Teletherapy (also commonly referred to as Distance Counseling, Virtual Therapy, and Telemental health) is a form of distance counseling that focuses on providing care to individuals who otherwise may not seek or receive the help and support that they need in order to thrive. Teletherapy uses videoconferencing (similar to Skype) in order to make this possible.
Some primary reasons that individuals do not receive in-office therapy include the following (SAMHSA, 2013):
• Uncertainty about where to go for counseling
• Lack of available counseling services in the area
• Lack of time
• Concerns about confidentiality/concerns that others would find out and develop a negative opinion of the person
• Work schedule barriers, fear of negative impact on employment, or work travel
• Lack of transportation or inconvenience of travel
• Increased level of comfort and openness within the comfort of their own home.

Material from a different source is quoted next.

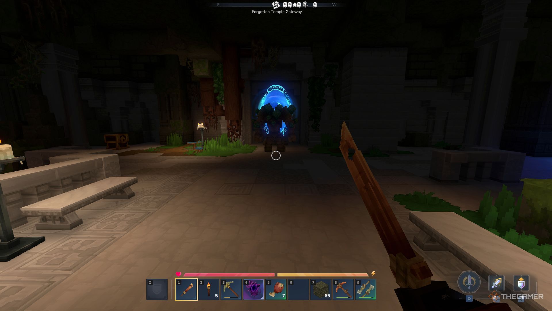 По прибытии просто войдите через главный вход и спуститесь по лестнице. Внизу вы найдете голема, охраняющего портал. Победите голема, а затем пройдите через портал – он приведет вас к Забытому Храму.
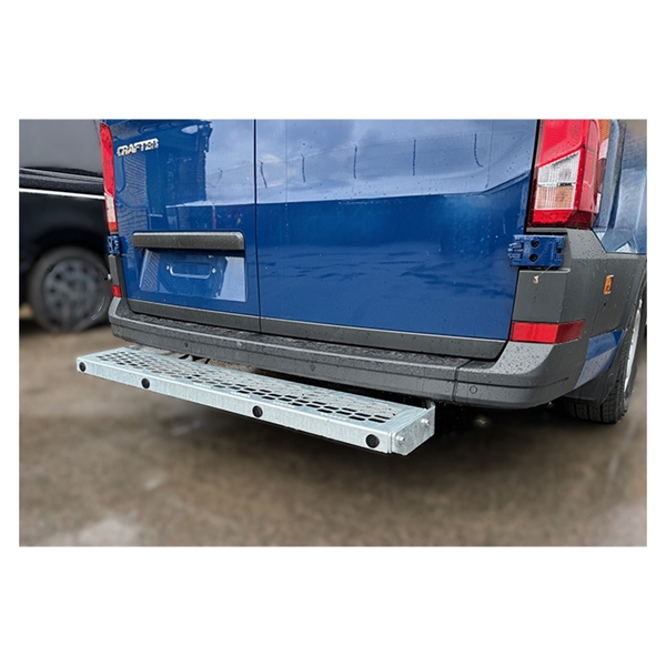 Praktisk trinbræt til varevogne uden anhængertræk. Giver nem og sikker adgang til varerummet, reducerer belastning ved ind- og udstigning og beskytter bilens bagende mod stød og ridser.

Other reasons include physical health concerns and mobility issues, severe anxiety that makes it difficult to leave the home (such as in cases of Agoraphobia or Panic Disorder), and situations that involve relocation amid the course of therapy and the client wishes to continue with his or her current therapist rather than transferring to a new provider.
Distance counseling via videoconferencing transcends these types of barriers by making it easier to find treatment, increasing personal privacy, eliminating or reducing the need for individuals to leave work for their appointments, and reducing the time it takes to attend sessions by eliminating the commute and need for transportation. Engaging in counseling through telemental health allows individuals, couples, and families the opportunity to experience equivalent (or increased) therapeutic benefits if offered this alternative to the traditional in-office therapy setting.
How do I know if Teletherapy is right for me?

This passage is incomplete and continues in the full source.